Records to process:
___

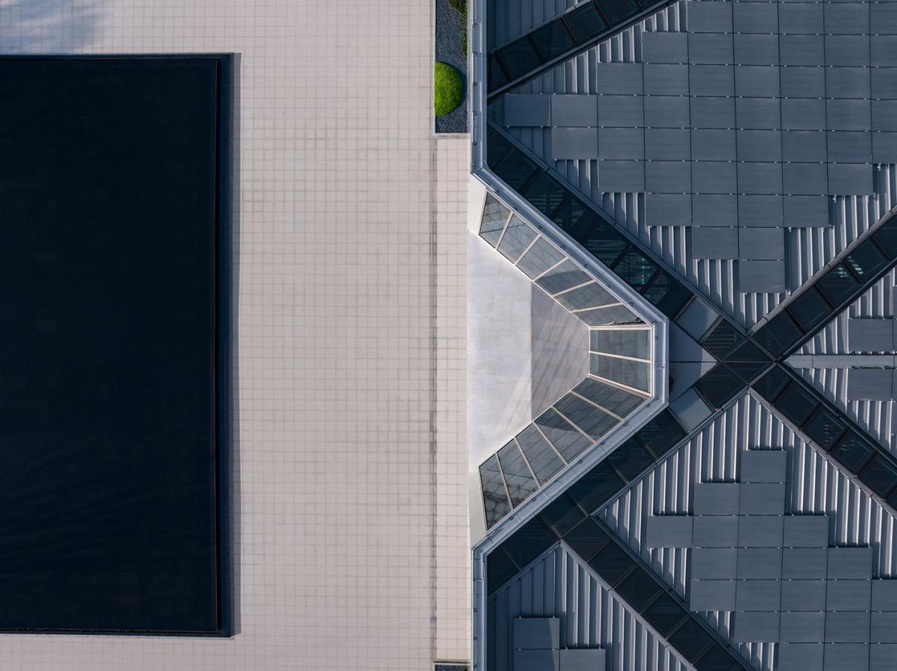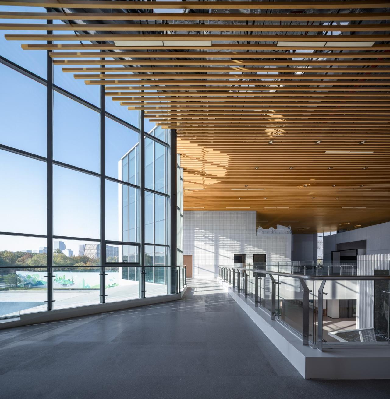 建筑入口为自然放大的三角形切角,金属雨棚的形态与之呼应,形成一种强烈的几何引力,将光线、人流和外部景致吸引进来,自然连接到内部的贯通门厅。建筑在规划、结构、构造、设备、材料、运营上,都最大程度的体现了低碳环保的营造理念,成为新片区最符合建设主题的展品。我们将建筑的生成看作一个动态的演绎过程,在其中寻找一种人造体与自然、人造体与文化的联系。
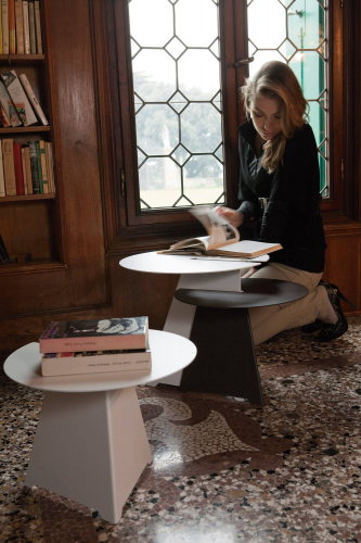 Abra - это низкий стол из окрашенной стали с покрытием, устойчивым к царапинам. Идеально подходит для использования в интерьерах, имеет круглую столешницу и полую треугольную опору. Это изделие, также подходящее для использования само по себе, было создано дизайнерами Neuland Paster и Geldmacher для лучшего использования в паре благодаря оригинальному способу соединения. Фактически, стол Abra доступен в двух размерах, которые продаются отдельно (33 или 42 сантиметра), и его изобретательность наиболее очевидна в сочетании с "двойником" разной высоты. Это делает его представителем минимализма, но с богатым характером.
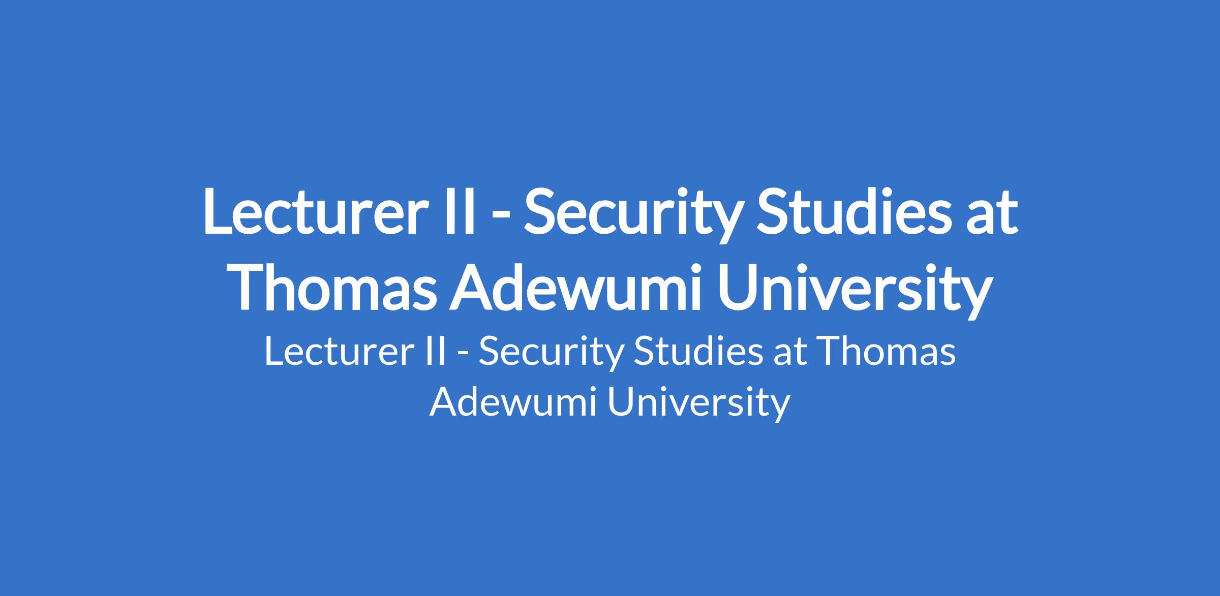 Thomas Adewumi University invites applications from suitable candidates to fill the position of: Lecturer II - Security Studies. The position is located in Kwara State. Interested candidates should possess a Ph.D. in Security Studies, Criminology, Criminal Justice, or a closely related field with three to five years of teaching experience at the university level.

___

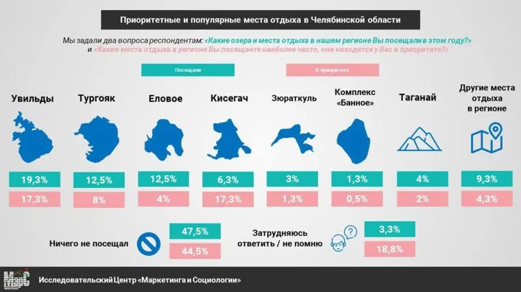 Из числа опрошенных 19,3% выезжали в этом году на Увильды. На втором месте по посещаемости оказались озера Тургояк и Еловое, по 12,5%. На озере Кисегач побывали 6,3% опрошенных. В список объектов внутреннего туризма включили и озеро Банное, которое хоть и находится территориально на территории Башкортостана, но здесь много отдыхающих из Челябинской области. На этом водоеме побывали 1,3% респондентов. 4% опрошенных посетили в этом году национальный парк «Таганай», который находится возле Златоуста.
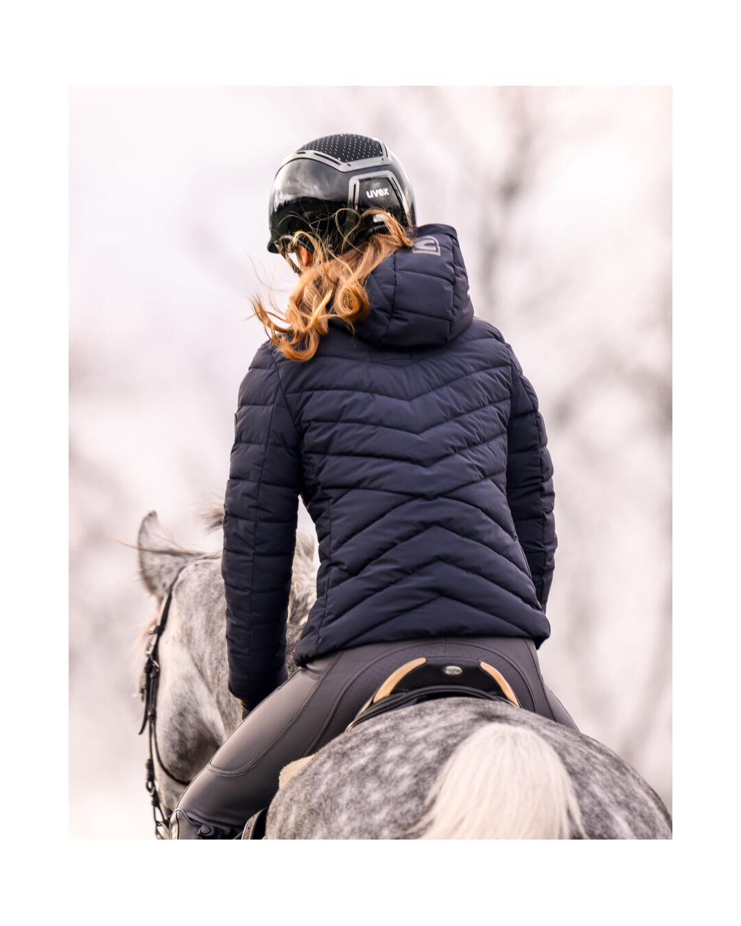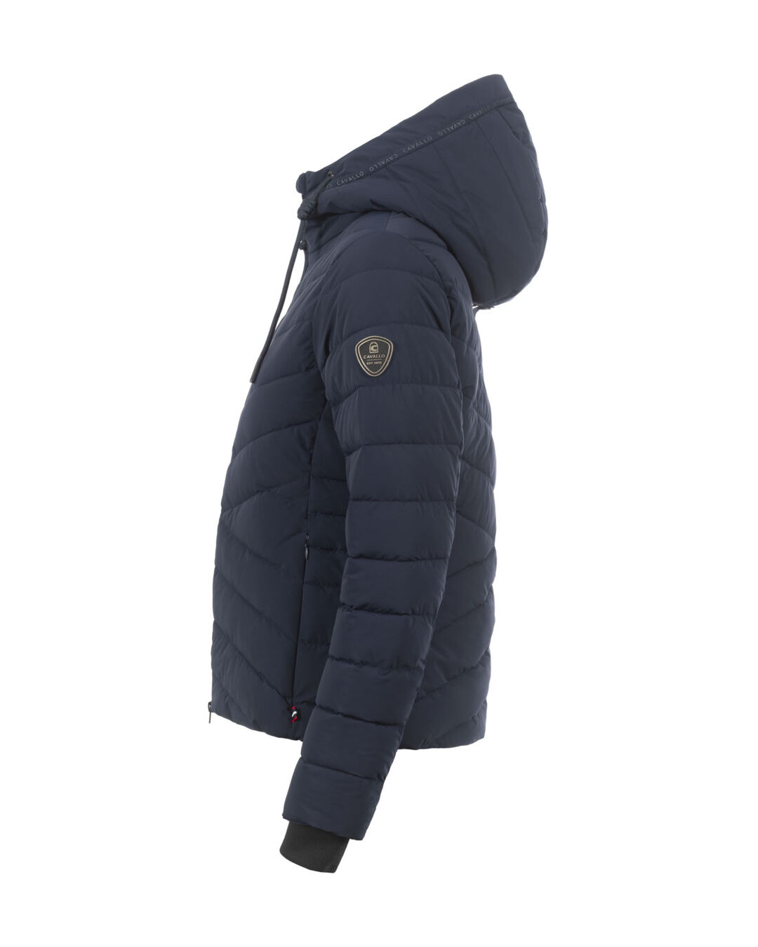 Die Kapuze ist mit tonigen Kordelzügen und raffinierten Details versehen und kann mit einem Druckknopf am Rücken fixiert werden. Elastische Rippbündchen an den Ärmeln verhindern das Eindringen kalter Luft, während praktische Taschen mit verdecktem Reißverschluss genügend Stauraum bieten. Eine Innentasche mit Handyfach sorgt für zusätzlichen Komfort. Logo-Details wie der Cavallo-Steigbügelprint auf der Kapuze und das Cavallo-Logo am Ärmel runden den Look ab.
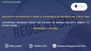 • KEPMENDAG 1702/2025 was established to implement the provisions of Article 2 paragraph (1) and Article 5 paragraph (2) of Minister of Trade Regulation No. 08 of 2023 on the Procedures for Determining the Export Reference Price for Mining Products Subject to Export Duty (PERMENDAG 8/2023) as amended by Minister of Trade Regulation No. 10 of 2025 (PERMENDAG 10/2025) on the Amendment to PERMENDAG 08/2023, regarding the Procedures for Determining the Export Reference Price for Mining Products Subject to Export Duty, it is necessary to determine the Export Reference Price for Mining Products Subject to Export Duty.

___

Aim of the task:
Pictures in the entries do not go into the copy. Print only the lines starting at the one containing "Die Kapuze ist" and ending at the one containing "to Export Duty.", exactly as they appear.

Exercise response:
 Die Kapuze ist mit tonigen Kordelzügen und raffinierten Details versehen und kann mit einem Druckknopf am Rücken fixiert werden. Elastische Rippbündchen an den Ärmeln verhindern das Eindringen kalter Luft, während praktische Taschen mit verdecktem Reißverschluss genügend Stauraum bieten. Eine Innentasche mit Handyfach sorgt für zusätzlichen Komfort. Logo-Details wie der Cavallo-Steigbügelprint auf der Kapuze und das Cavallo-Logo am Ärmel runden den Look ab.
 • KEPMENDAG 1702/2025 was established to implement the provisions of Article 2 paragraph (1) and Article 5 paragraph (2) of Minister of Trade Regulation No. 08 of 2023 on the Procedures for Determining the Export Reference Price for Mining Products Subject to Export Duty (PERMENDAG 8/2023) as amended by Minister of Trade Regulation No. 10 of 2025 (PERMENDAG 10/2025) on the Amendment to PERMENDAG 08/2023, regarding the Procedures for Determining the Export Reference Price for Mining Products Subject to Export Duty, it is necessary to determine the Export Reference Price for Mining Products Subject to Export Duty.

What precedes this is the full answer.